人脸识别项目实战（二）：人脸识别模块实现

暮冬秋泽

2129人浏览 · 2025-08-20 16:48:25

暮冬秋泽 · 2025-08-20 16:48:25 发布

人脸识别项目实战（二）：人脸识别模块实现

一、项目结构

在这里插入图片描述

二、模块概述

人脸识别模块是系统的核心处理单元，负责在人脸检测的基础上完成身份确认。本模块基于 FaceNet 模型实现人脸特征提取，通过余弦相似度算法进行特征比对，并构建人脸特征数据库实现高效的身份匹配。

该模块主要实现以下功能：

基于 FaceNet 模型提取人脸特征向量（嵌入）
构建和管理人脸特征数据库
实现人脸特征比对（余弦相似度计算）
支持单张图片和视频流的实时人脸识别

技术栈：Python 3.10、PyTorch、FaceNet、OpenCV、NumPy、SQLite

三、FaceNet

FaceNet 是 Google 在 2015 年提出的经典人脸识别框架，其核心创新是通过端到端学习直接生成人脸的紧凑特征向量（称为 “嵌入”，Embedding），并通过向量相似度实现高效人脸识别。相比传统方法（如先分类再比对），FaceNet 跳过了中间分类层，直接优化特征向量的 “判别性”，在 LFW 等数据集上实现了 99.63% 的准确率，奠定了现代人脸识别的技术基础。

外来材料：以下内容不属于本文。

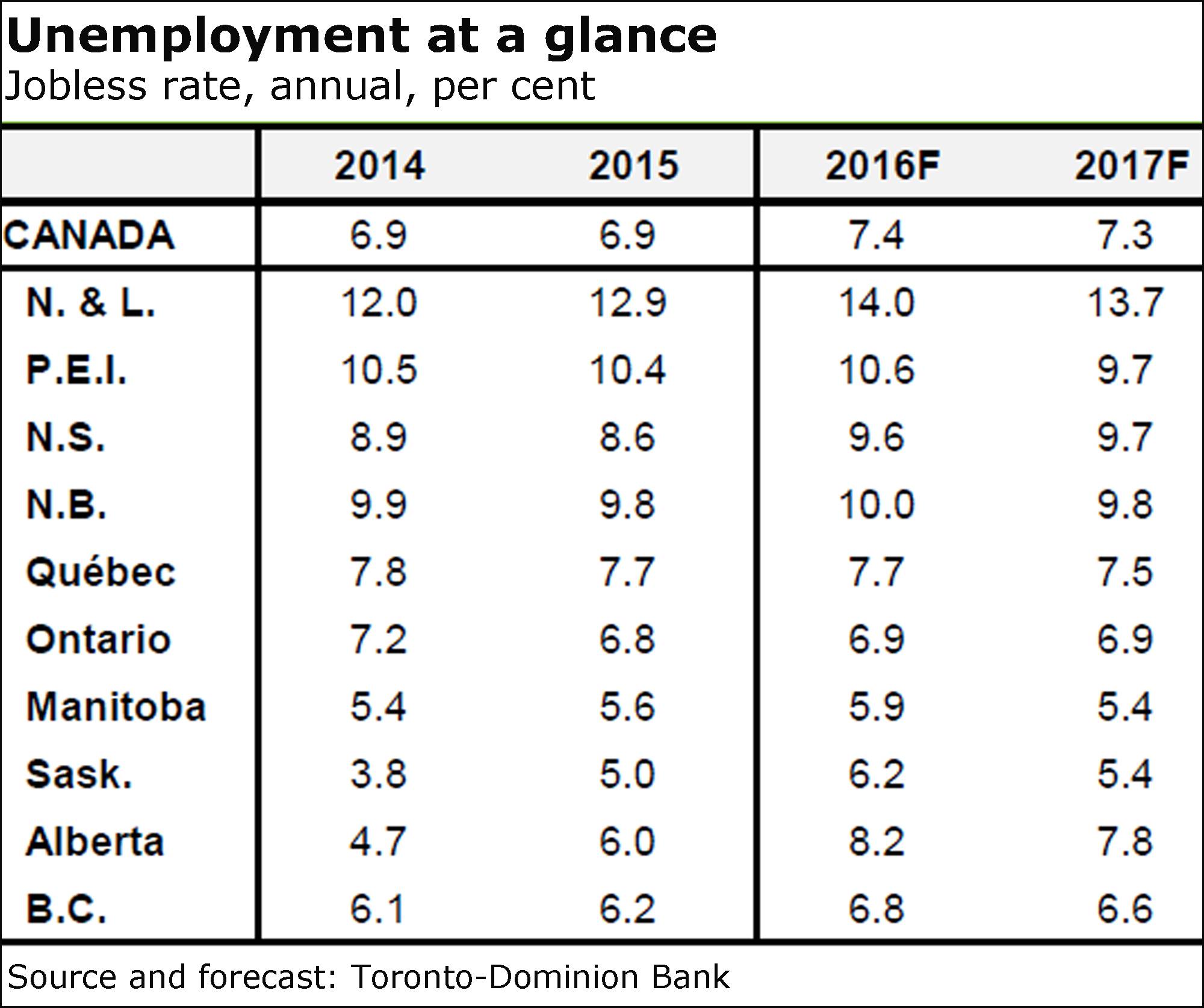 “Increased migration from the weaker to the stronger job markets within Canada should help stabilize provincial joblessness as the year unfolds, but the national rate has likely not yet topped out,” they said, forecasting it will hit 7.5 per cent by mid-2016 before inching down again.
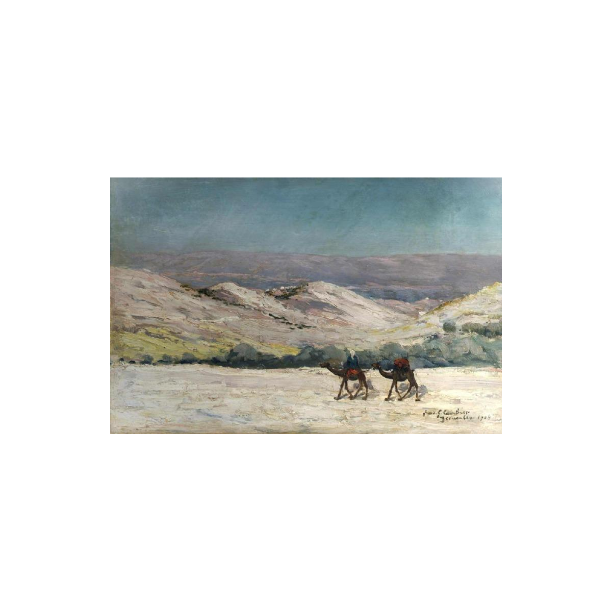 Tijdens een reis naar het Midden-Oosten en Klein-Azië schilderde de kunstenaar een berglandschap aan de rand van Jeruzalem, met een kameeldrijver op een dromedaris die een tweede dromedaris achter zich aan sleept. De keuze van de kleuren en de helderheid van dit schilderij geven het diepte en een zeer interessant perspectief.

但其三元组损失的训练复杂性和特征判别性不足，限制了大规模应用。

FaceNet 的核心思

直接学习一个映射函数f(x)，将人脸图像x转换为固定长度（如 128 维）的特征向量f(x)，使得：

同一个人的不同人脸图像（如不同姿态、光照）映射后的向量距离尽可能小
不同人的人脸图像映射后的向量距离尽可能大

通过这种方式，人脸识别简化为特征向量的相似度计算（如余弦相似度），无需依赖预定义的类别，可直接处理未见过的新人脸（“零样本” 扩展）。

网络结构：从图像到特征向量

FaceNet 的网络结构分为三部分：输入预处理→特征提取网络→特征归一化。

1. 输入预处理

输入为160×160×3 的 RGB 人脸图像，需经过严格预处理：

人脸对齐：基于 5 个关键点（双眼、鼻尖、左右嘴角）将人脸旋转、缩放至标准姿态；
光照归一化：通过直方图均衡化等方法消除光照差异；
像素值归一化：将像素值缩放到 [-1, 1] 范围，符合神经网络输入要求。

2. 特征提取网络

原始 FaceNet 使用Inception-v1 的改进版作为主干网络（后来衍生出 Inception-ResNet 等更高效结构），其作用是将 160×160 的图像逐步压缩为高维特征：

前半部分：通过卷积层（Conv）、池化层（Pooling）提取低级特征（边缘、纹理）和中级特征（眼睛、鼻子等局部结构）；
后半部分：通过全连接层（FC）将特征压缩为 128 维向量（称为 “嵌入向量”）。

3. 特征归一化

为了方便后续相似度计算，128 维特征向量会经过L2 归一化：

在这里插入图片描述

归一化后，向量的模长为 1，此时余弦相似度与欧氏距离等价（余弦相似度 = 1 - 欧氏距离 ²/2），简化了比对逻辑。

四、代码实现

安装依赖库

facenet-pytorch：

pip install facenet-pytorch

在这里插入图片描述

pip install opencv-python==4.9.0.80

数据库

使用 SQLite 数据库

在这里插入图片描述

下载可视化工具

在这里插入图片描述

创建表

# 数据库地址
self.db_path = "./face_database.db"

# 初始化数据库表结构
self.conn = sqlite3.connect(self.db_path)
self.cursor = self.conn.cursor()

# 如果表不存在，创建人脸数据表
# 特征和图像用字节的方式保存
self.cursor.execute('''
    CREATE TABLE IF NOT EXISTS faces (
        id INTEGER PRIMARY KEY AUTOINCREMENT,
        name TEXT NOT NULL,
        created_time DATETIME DEFAULT CURRENT_TIMESTAMP,
        feature BLOB NOT NULL,
        image BLOB NOT NULL
    )
''')
self.conn.commit()

处理好特征数据的存取，在数据库中是字节，在识别时是tensor

# 将Tensor转换为字节
def tensor_to_bytes(self, tensor):
    if tensor.dim() > 1:
        tensor = tensor.squeeze()

    # 保存为numpy数组的字节形式
    np_array = tensor.cpu().numpy() if tensor.is_cuda else tensor.numpy()
    return np_array.tobytes()

# 将字节转换成Tensor
def bytes_to_tensor(self, bytes_data):
    # 从字节重建numpy数组
    # np.frombuffer得到的是不可写的 NumPy 数组
    np_array = np.frombuffer(bytes_data, dtype=np.float32)
    # PyTorch 期望张量是可写的
    # 创建可写副本
    np_array = np_array.copy()
    return torch.from_numpy(np_array).reshape(1, -1)

添加操作

# 添加操作
def insert(self, name, feature, image, ext):
    # 将特征张量转换为字节
    feature_bytes = self.tensor_to_bytes(feature)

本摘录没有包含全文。